**What you should do**
Transcribe every entry word for word. Skip the pictures.

[[ Extracted material open ]]

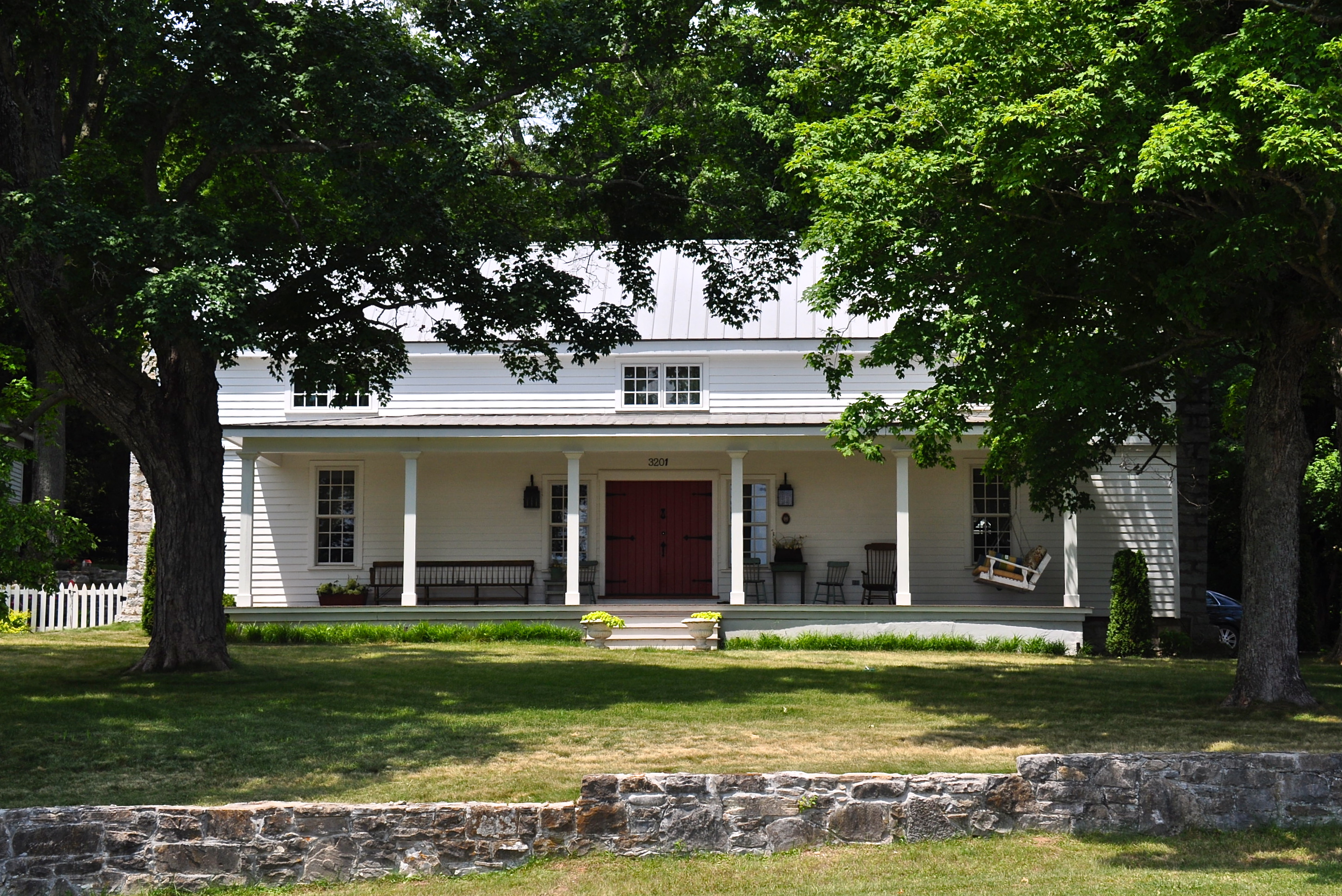 John Herbert House, Clovercroft Rd., 0.75 miles (1.21 km) east of Wilson Pike Franklin
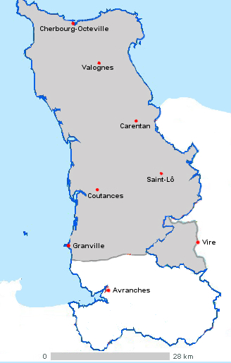 Map of Cotentin worked on the basis of CarteCotentin.jpg in fr.wiki In blue the limits of french department of Manche
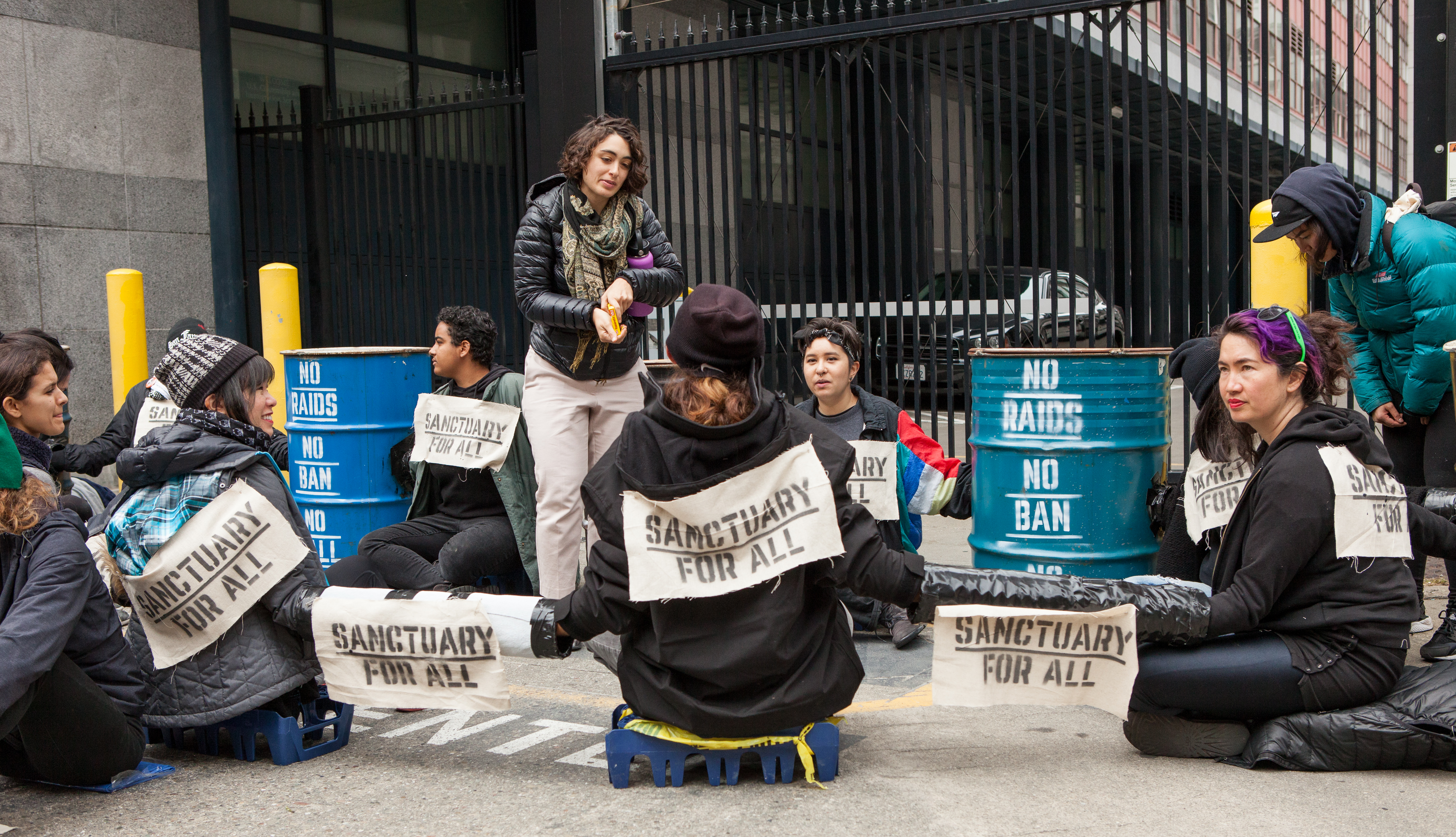 Protesters with locked arms and signs reading "Sanctuary for All" and "No Raids No Ban No Wall" block a driveway at a rally against Immigration and Customs Enforcement (ICE) in San Francisco. Their arms are linked in a "sleeping dragon".
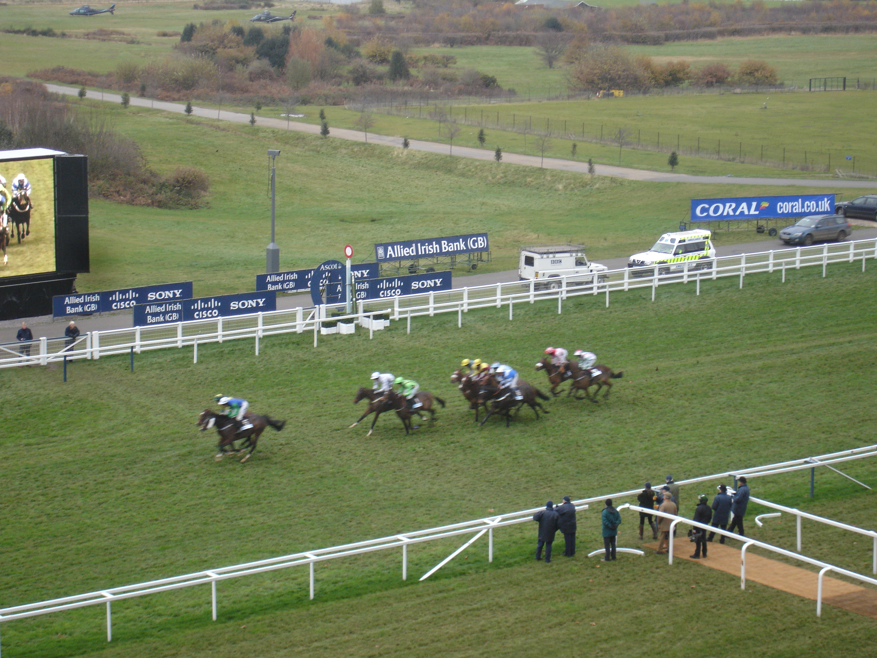 Photograph of the finishing post, Ascot Racecourse, Berkshire, England
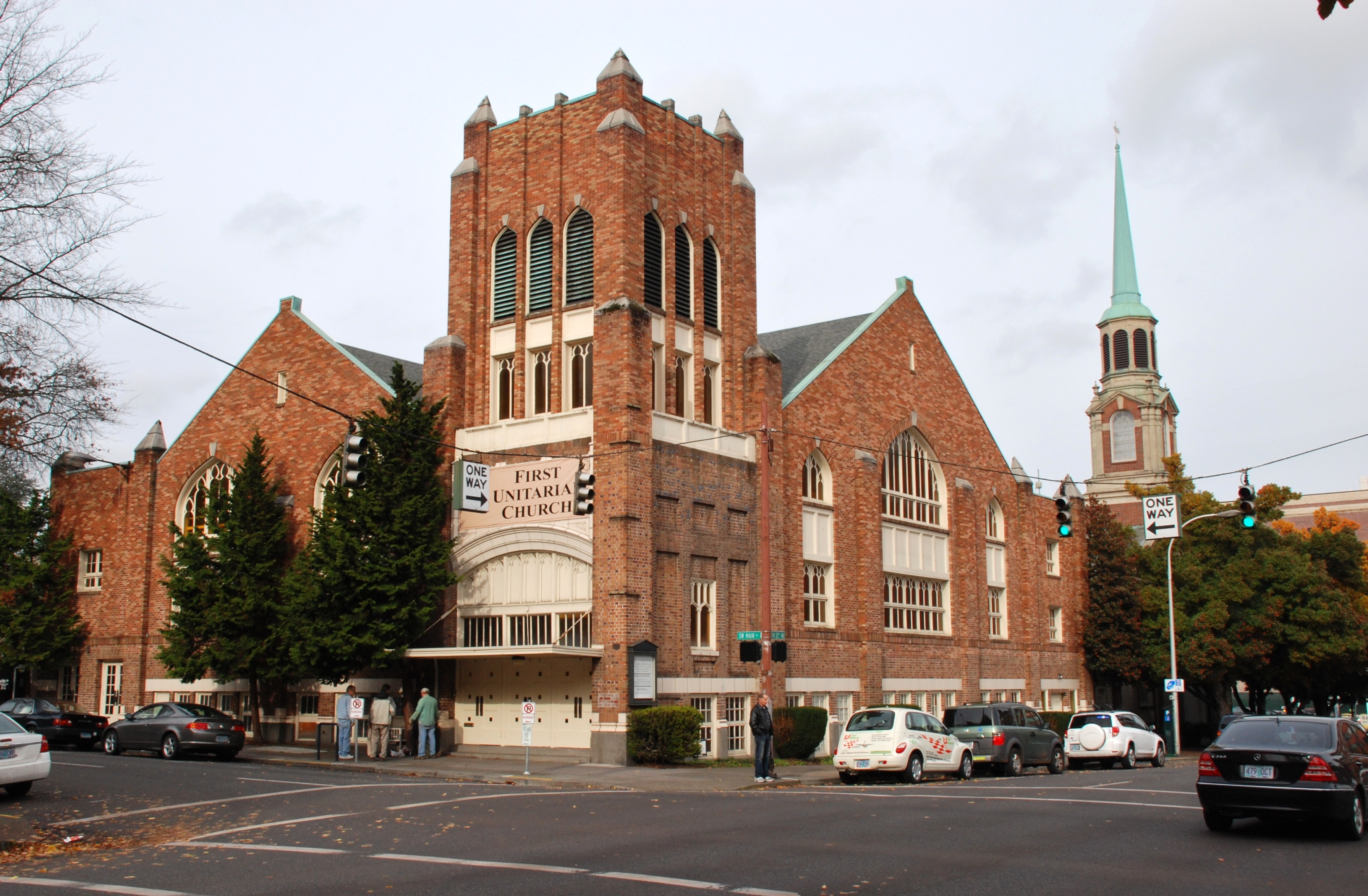 The former First Church of the Nazarene, in downtown Portland, Oregon, built in 1921. The building was sold in 1979 to the neighboring First Unitarian Church, who now use it as their main sanctuary for Sunday services. The Colonial-style building whose tower is visible in the background is the original First Unitarian Church of Portland, built in 1924 and listed on the National Register of Historic Places. It is still owned and used by the Unitarian Church.

[[ Extracted material closed ]]

**Answer to the problem**
 John Herbert House, Clovercroft Rd., 0.75 miles (1.21 km) east of Wilson Pike Franklin
 Map of Cotentin worked on the basis of CarteCotentin.jpg in fr.wiki In blue the limits of french department of Manche
 Protesters with locked arms and signs reading "Sanctuary for All" and "No Raids No Ban No Wall" block a driveway at a rally against Immigration and Customs Enforcement (ICE) in San Francisco. Their arms are linked in a "sleeping dragon".
 Photograph of the finishing post, Ascot Racecourse, Berkshire, England
 The former First Church of the Nazarene, in downtown Portland, Oregon, built in 1921. The building was sold in 1979 to the neighboring First Unitarian Church, who now use it as their main sanctuary for Sunday services. The Colonial-style building whose tower is visible in the background is the original First Unitarian Church of Portland, built in 1924 and listed on the National Register of Historic Places. It is still owned and used by the Unitarian Church.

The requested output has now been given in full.